Turkey’s main opposition leader, Kemal Kilicdaroglu, pressed charges with the Istanbul chief prosecutor’s office against a notorious Turkish mafia boss Nov. 18 after he openly threatened him in a letter he shared via Twitter triggering uproar. Kilicdaroglu’s lawyer said the four-page diatribe handwritten and signed by Alaattin Cakici posed a direct threat to his client, who is the leader of the pro-secular Republican People’s Party (CHP).
In the letter, dated Nov. 17 and peppered with obscenities and threats of physical violence, Cakici accused Kilicdaroglu of treason in concert with Kurdish militants and foreign powers. “Be sensible,” he warned, using an expression that is commonly used by Turkish gangsters to intimidate their victims. Cakici’s ire was sparked by Kilicdaroglu’s suggestion in a speech to the parliament the same day that the mobster had been recently freed from prison thanks to pressure on Turkish President Recep Tayyip Erdogan from his far-right nationalist partner Devlet Bahceli, while thousands of prisoners of conscience continue to rot in Turkish jails.
Cakici boasts close ties to Bahceli: The nationalist leader visited Cakici when he fell ill in jail in 2018 and met with him following his release in April this year under a controversial amnesty law that was pushed by his Nationalist Action Party (MHP). Bahceli took to Twitter to defend Cakici against Kilicdaroglu’s “collaborators” who he claimed were trying to smear him, saying that he and the mob leader believed in the same cause
His threats against Kilicdaroglu have been greeted with silence by Erdogan and members of his ruling Justice and Development Party. Their apparent indifference flies in the face of Erdogan’s recent pledges, which have been echoed by his justice minister, for sweeping economic and judicial reforms that are meant to restore investor confidence in Turkey’s battered economy.
“The optimists who wanted to give Erdogan the benefit of the doubt following his promise of legal reform must now realize that this was yet another empty promise of his,” noted Aykan Erdemir, a former CHP parliamentarian who heads the Turkey program at the Foundation for Defense of Democracies, a Washington-based think tank. “Turkish authorities continue to prosecute legitimate expressions of dissent while offering impunity to threats hurled by mob bosses and vigilantes. The Erdogan government is too intimately involved with a long list of criminal and corrupt figures to be able to afford even the semblance of rule of law and due process,” he added in emailed comments to Al-Monitor.
Cakici, whose rap sheet includes running armed gangs and ordering the murder of his ex-wife on a Turkish ski slope, has dominated Turkey’s underworld for the better part of four decades. He is also associated with the Gray Wolves, the ultranationalist outfit that operated as the MHP’s youth arm in street battles with leftists in the 1970s that left thousands dead.
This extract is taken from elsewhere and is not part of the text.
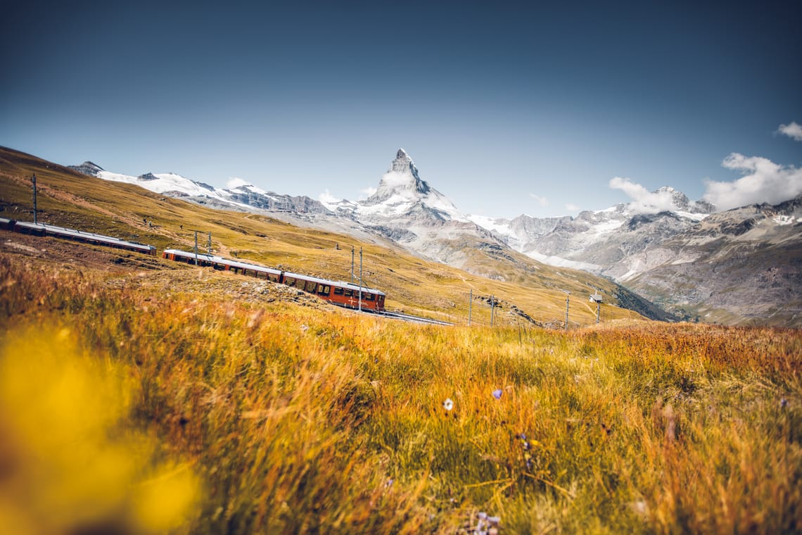 Vom Gornergrat aus bekommst du 29 Viertausender zu Gesicht. Am besten steigst du vom Bahnhof hinauf auf die Aussichtsterrasse. Die Viscope Ferngläser verraten dir die Namen der Gipfel. Magst du es aktiver, dann spaziere eine Runde auf dem 360° Gornergrat Loop. Hier tauchst du in etwa 20 Minuten Fussmarsch noch mehr in die hochalpine Bergwelt ein.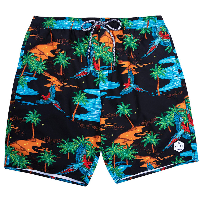 Guys can splash into the oasis with the Agrabah Oasis print. Available as a pool slider button down shirt, or swim shorts, you’re sure to be summer ready with these fun apparel selections featuring Iago.

It was recently banned in France for its violent attacks against ethnic Armenians there. Cakici was jailed after the 1980 military coup over his role in the murders of 41 leftists.
His most recent spell behind bars for the murder of his ex-wife, whose father was also a notorious mobster, began in 2004 when he was caught in Austria carrying a special service passport under the name of a former intelligence chief. Turkish officials have confirmed that Cakici — operating under the code name “Atilla” — was used by the state for hit jobs against its foreign and domestic enemies. These included Armenian militants who assassinated at least 36 Turkish diplomats between 1974 and 1991, as well as Kurds. While the state’s relations with underworld figures like Cakici are dressed up as patriotism, they have benefited a succession of rogue members of the security apparatus involved in the drugs and weapons trade. Erdogan came to power in 2002 vowing to eradicate the so-called deep state but has ended up in league with it, critics say.
Erdogan’s alliance with Bahceli, cemented in the wake of the failed 2016 coup, has clearly emboldened the likes of Cakici, who has taken potshots at the Turkish president as well.
Ryan Gingeras, author of "Heroin, Organized Crime and the Making of Modern Turkey" and professor of national security affairs at the Naval Postgraduate School in Monterey, said, “I think it is safe to assume Cakici does believe he can get away with threatening Kilicdaroglu because of his ties to MHP and weakness of the justice system.” In emailed comments to Al-Monitor, he added, “One may also say it's a product of 'celebrity license.' This is who he is and it's precisely why he's famous. So yes, it again affirms that the Turkish criminal justice system is choosey when it comes to who is prosecuted for clear infractions. It demonstrates the power of the Turkish right and the continued relevance of right-wing toughs in contemporary history.”
But it may not be all plain sailing for Cakici. An Istanbul court slapped him last month with 17 years for a catalog of crimes including the attempted murder of a relative. An appeals court will have the final say on the case.